◆ Given data:
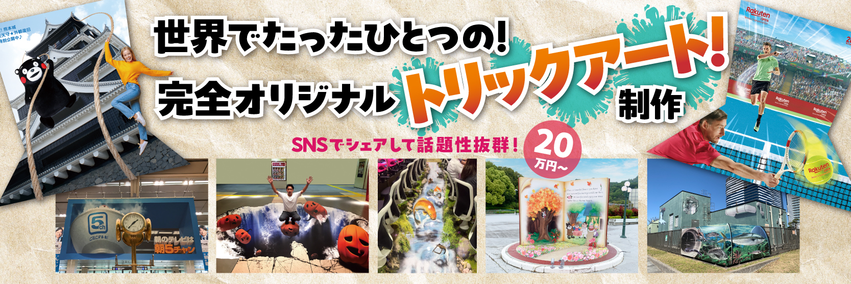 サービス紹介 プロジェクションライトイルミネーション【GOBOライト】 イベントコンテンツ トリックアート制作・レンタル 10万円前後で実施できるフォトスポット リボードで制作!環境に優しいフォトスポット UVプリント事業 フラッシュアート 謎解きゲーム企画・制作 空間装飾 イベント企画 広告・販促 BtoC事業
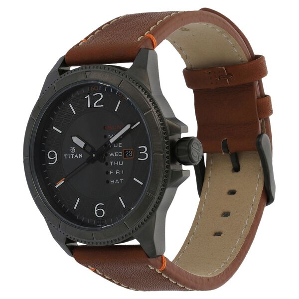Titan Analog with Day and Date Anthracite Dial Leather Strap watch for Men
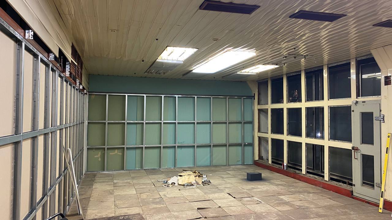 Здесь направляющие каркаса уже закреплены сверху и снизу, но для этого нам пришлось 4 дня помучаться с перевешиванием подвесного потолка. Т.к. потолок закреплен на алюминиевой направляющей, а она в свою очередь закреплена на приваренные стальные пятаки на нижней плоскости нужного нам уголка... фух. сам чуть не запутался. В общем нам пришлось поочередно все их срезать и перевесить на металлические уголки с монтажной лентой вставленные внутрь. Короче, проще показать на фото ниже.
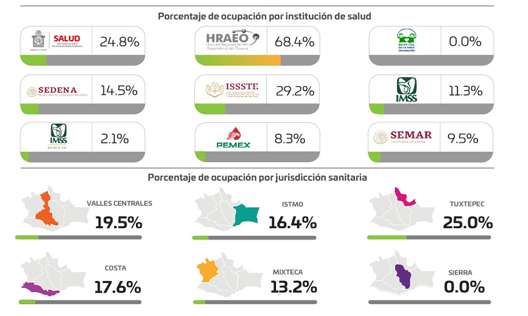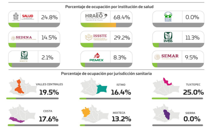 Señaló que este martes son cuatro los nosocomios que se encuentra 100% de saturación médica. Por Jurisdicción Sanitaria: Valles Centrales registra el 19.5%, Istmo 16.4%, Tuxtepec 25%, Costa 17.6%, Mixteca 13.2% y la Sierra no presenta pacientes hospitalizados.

◆ Assignment:
Copy exactly, and only, the lines from the first line of the material through the line that contains "Titan Analog with", both ends kept; no pictures.

◆ Exercise result:
 サービス紹介 プロジェクションライトイルミネーション【GOBOライト】 イベントコンテンツ トリックアート制作・レンタル 10万円前後で実施できるフォトスポット リボードで制作!環境に優しいフォトスポット UVプリント事業 フラッシュアート 謎解きゲーム企画・制作 空間装飾 イベント企画 広告・販促 BtoC事業
Titan Analog with Day and Date Anthracite Dial Leather Strap watch for Men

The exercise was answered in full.